Thanks for the heads-up. It should affect only the value of variable though and not the time-out problem.

I will fix that.

But I dont see any such reference in the manual. My code, actually, wants to implement a per-thread mutex. So, ultimately I want the counter to be gridDim.x * blockDim.x and not just “gridDim.x”

For example, atomicAdd() function can be used to get “gridDim.x*blockDim.x”. It works at a per-thread level. So, wht is wrong if I try to implement a spin-lock at per-thread level?
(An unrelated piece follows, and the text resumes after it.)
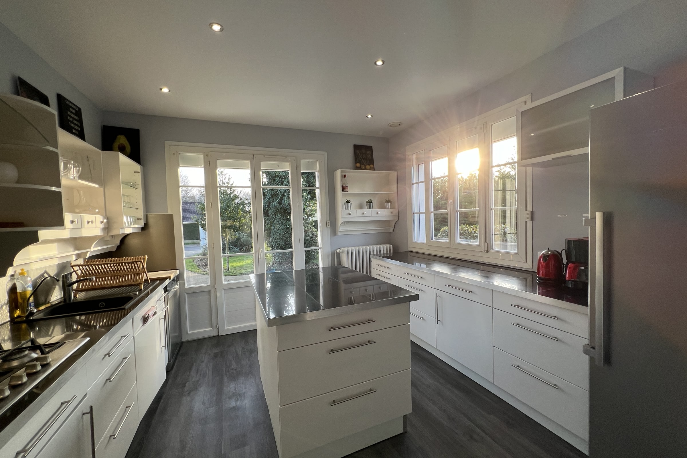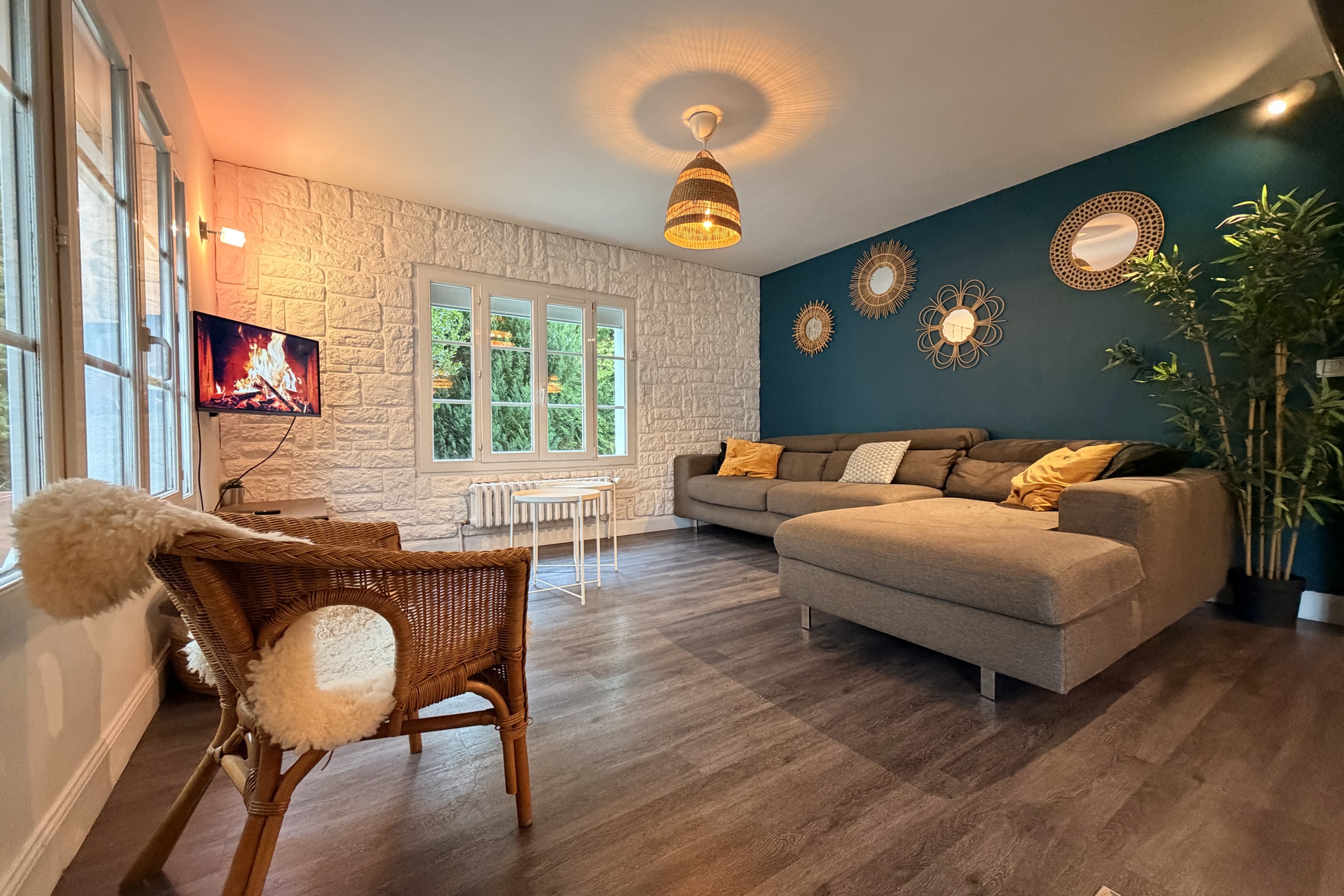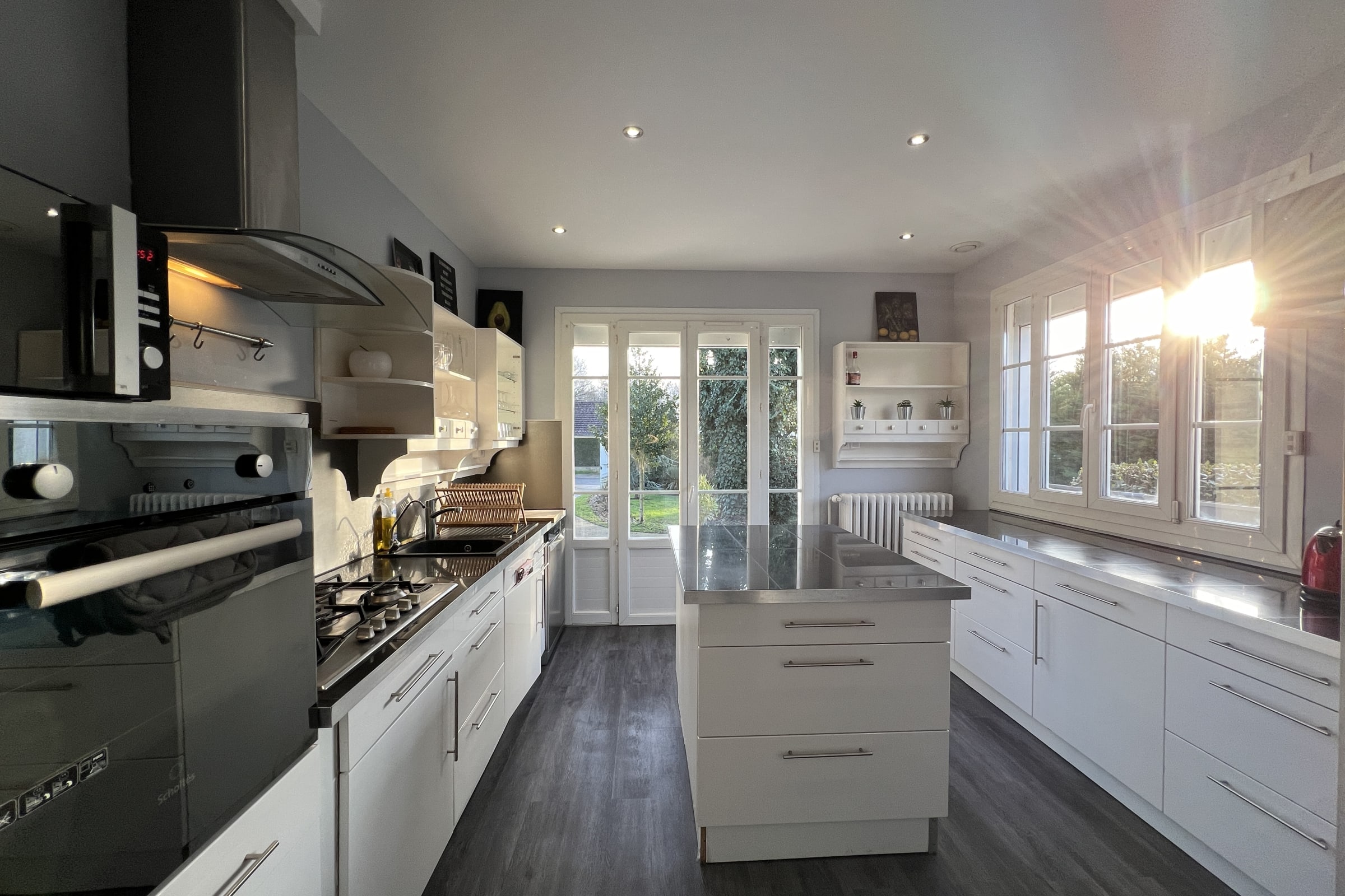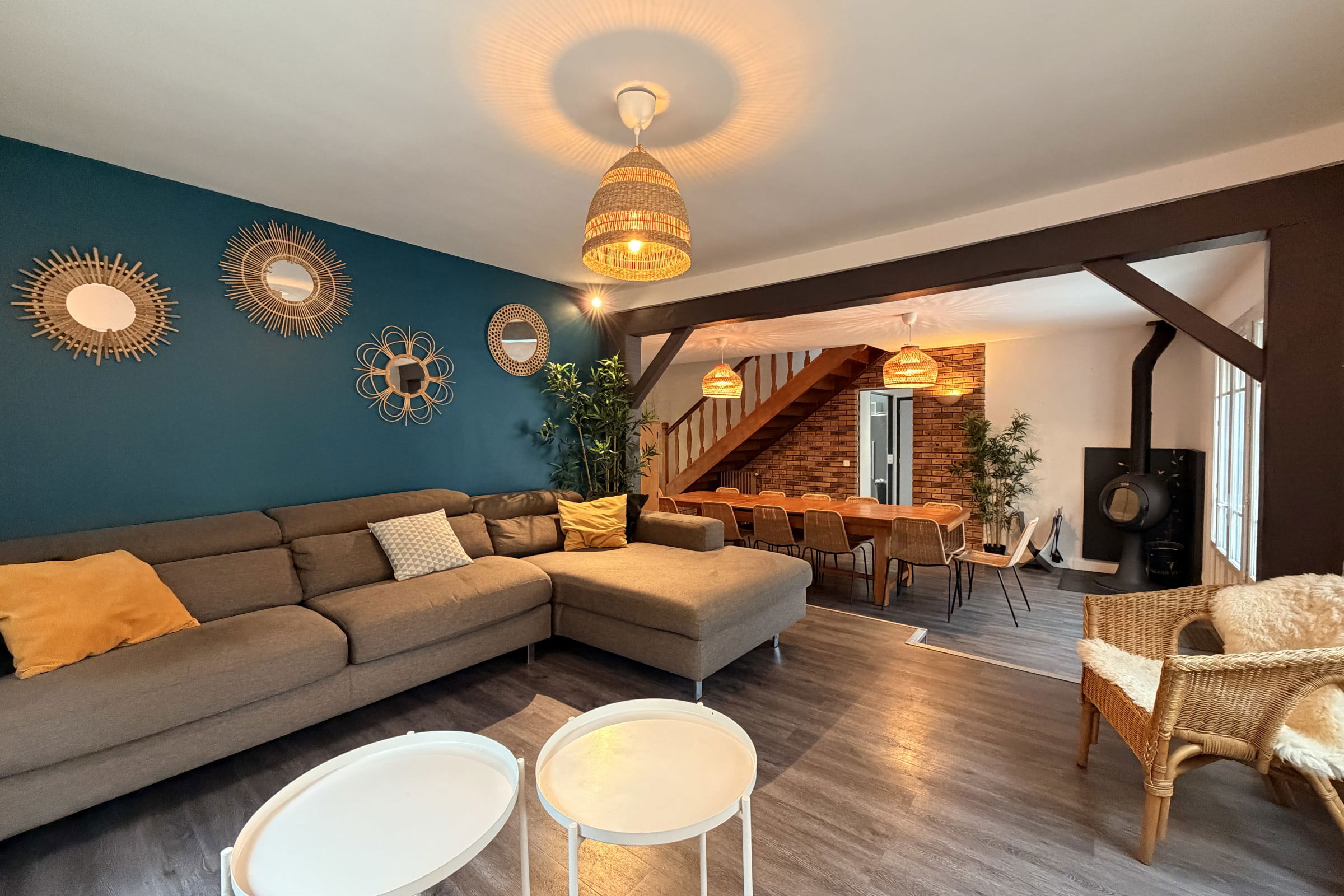 Vom Esszimmer aus haben Sie Zugang zu einer 100 m² großen Terrasse, die mit einem Grill und zwei großen Gartentischen für ein angenehmes Essen in der Sonne ausgestattet ist.

What I wrote earlier is a per-CTA mutex and is way too slow to be used as a per-thread mutex. It’s not necessarily wrong, but it obviously is unbelievably slow. Better way is to do an inter-CTA mutex and an intra-CTA mutex. I do that here to count warps, extend to whatever you like.

#include <stdio.h>

#include <stdlib.h>

__device__ volatile int lock = -1;

__device__ volatile int counter = 0;;

__global__ void spinlol()

{

  __shared__ int intraCTAlock;

  if (!threadIdx.x && !threadIdx.y)

	intraCTAlock = -1;

  __syncthreads();

if (!threadIdx.x && !threadIdx.y)

	while (atomicCAS((int*)&lock, -1, blockIdx.x) != -1);

  __syncthreads();

if (threadIdx.x % 32 == 0)

	{

	  while (atomicCAS(&intraCTAlock, -1, 12) != -1);

	  counter++;

	  __threadfence();

	  atomicExch(&intraCTAlock, -1);

	}

  __syncthreads();

  if (!threadIdx.x && !threadIdx.y)

	atomicExch((int*)&lock, -1);

}

int main(int argc, char** argv)

{

  int hostcounter = -1;

  spinlol<<<60, 512>>>();

  cudaThreadSynchronize();

  printf("err = %s\n", cudaGetErrorString(cudaGetLastError()));

  cudaMemcpyFromSymbol(&hostcounter, "counter", sizeof(int), 0, cudaMemcpyDeviceToHost);

  printf("counter = %d\n", hostcounter);

}
tim@thor:~/hurf$ nvcc -o hurf hurf.cu -arch sm_12

tim@thor:~/hurf$ ./hurf 

err = no error

counter = 960

None of these cases have taken me long to write, and I’m not using any secret knowledge that can only be obtained if you pass through the ring of fire in NVIDIA HQ. Basic mutexes aren’t hard, just potentially very slow. If I ever thought I needed a per-thread mutex, I would probably decide I was doing something very wrong.